Capital Expenditure

Capital Expenditure

Capital Expenditure means:
an improvement (as distinguished from a repair) that will have a life of more than 1 year. Capital expenditures are generally depreciated or depleted over their useful life, as distinguished from repairs, which are subtracted from the income of the current year. Former IRC (check if this IRC provision is current here) §263. Example 1: Collins adds a new 25-room wing to her motel, at a cost of $250,000. The new wing is a capital expenditure. Example 2: Baker, a rancher, has a fence that is in such poor condition that it cannot be repaired. He makes a $50,000 capital expenditure to replace the fence.

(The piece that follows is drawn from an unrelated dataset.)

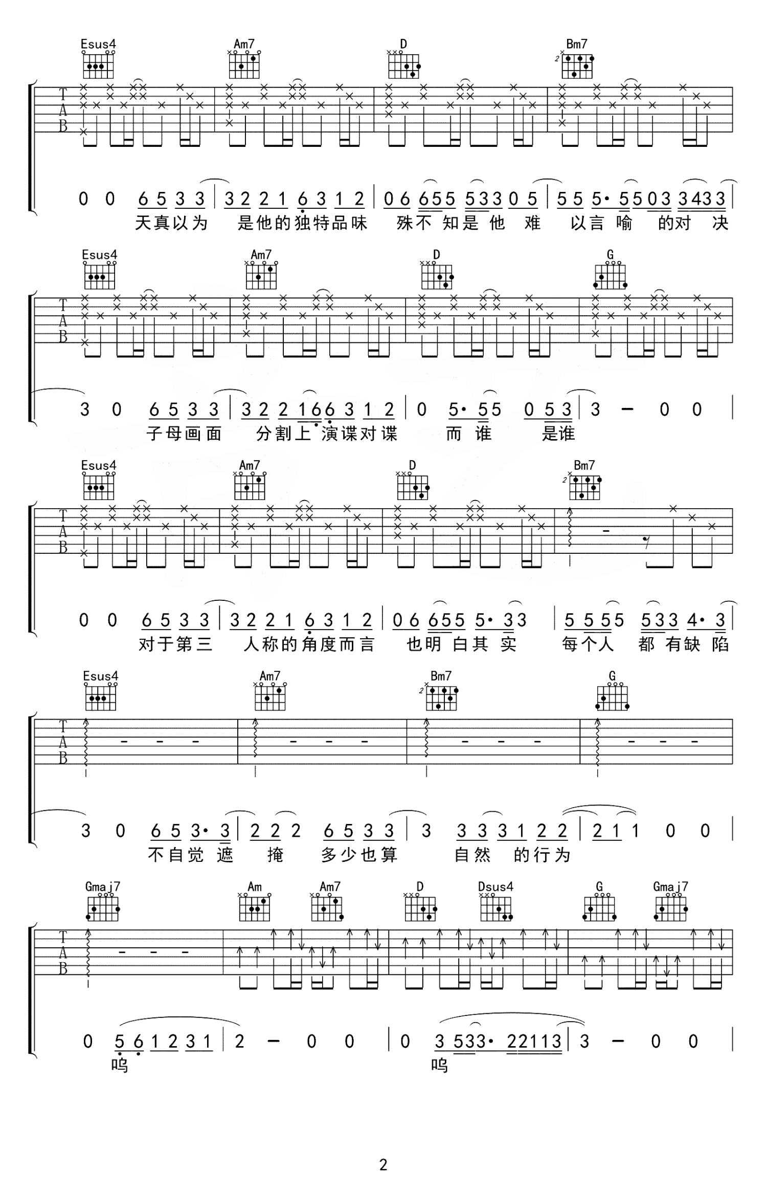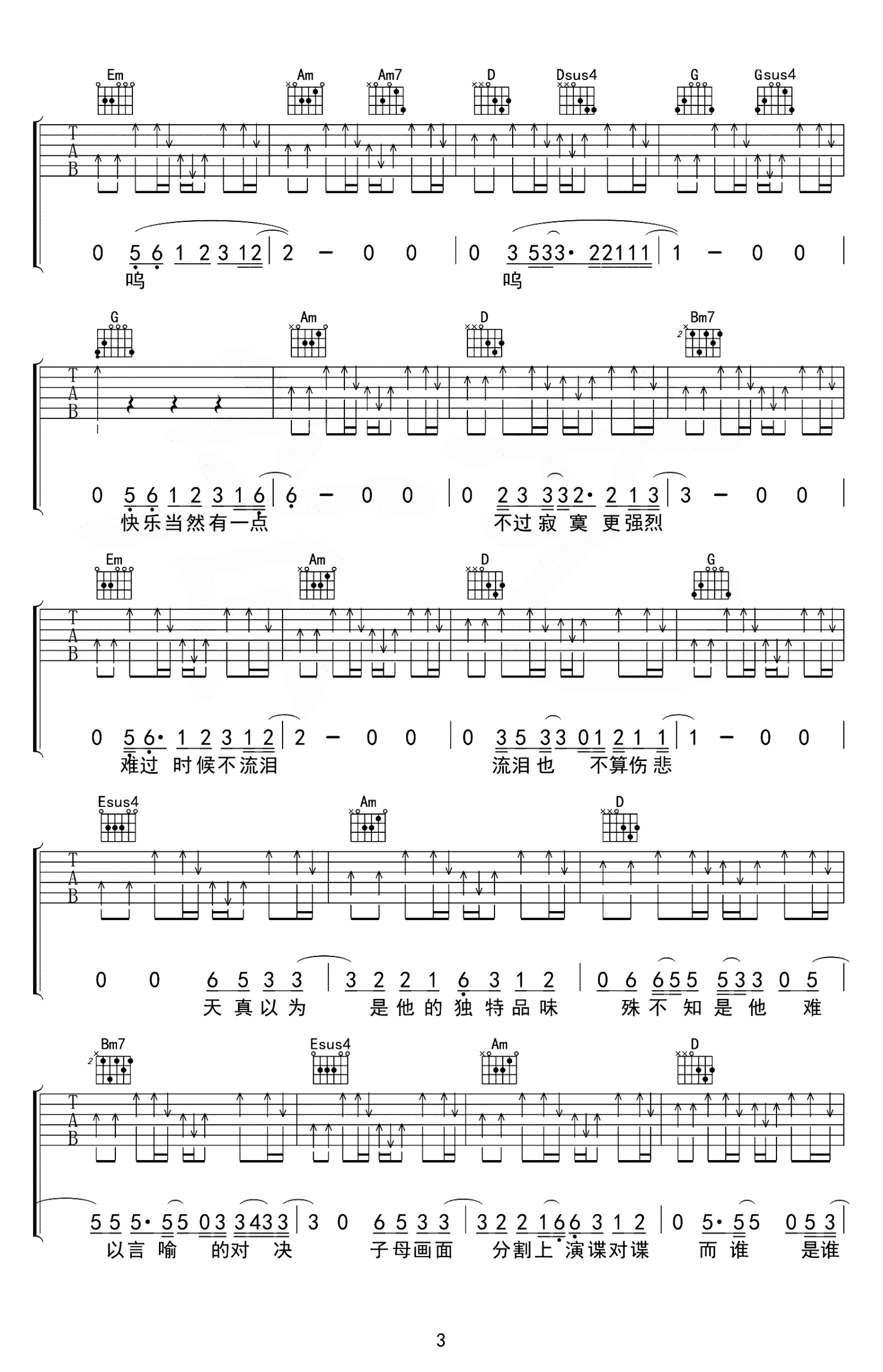 曲谱介绍: 一首关于流浪者的歌曲,台湾歌手HUSH是非常有特质的音乐人,创作了许多诚恳的向听者和自我提问,并思考不同人生意义的歌。这首《第三人称》伴奏很随意,琴友们在弹奏时不需要按照谱子来,右手的节奏型可根据各自习惯和感觉来,只要拍子没有错就好!

In other words: The cost of a permanent improvement to property. Such expenses, such as adding central air conditioning or an addition to his or her home, increase the property's adjusted tax basis.

U.S. and other Developed Countries International Tax Meaning

Expenditure on improvement rather than repair. Where expenditure is more closely connected with the business income-earning structure than its income earning capacity, it is capital expenditure.

Description and Definition of Capital Expenditure

Costs that are not currently deductible and that are added to the basis of property. A capital expense generally increases the value of property or lengthens its useful life. Repairs, on the other hand, only maintain the property. When added to depreciable property, the cost is deductible over the life of the asset.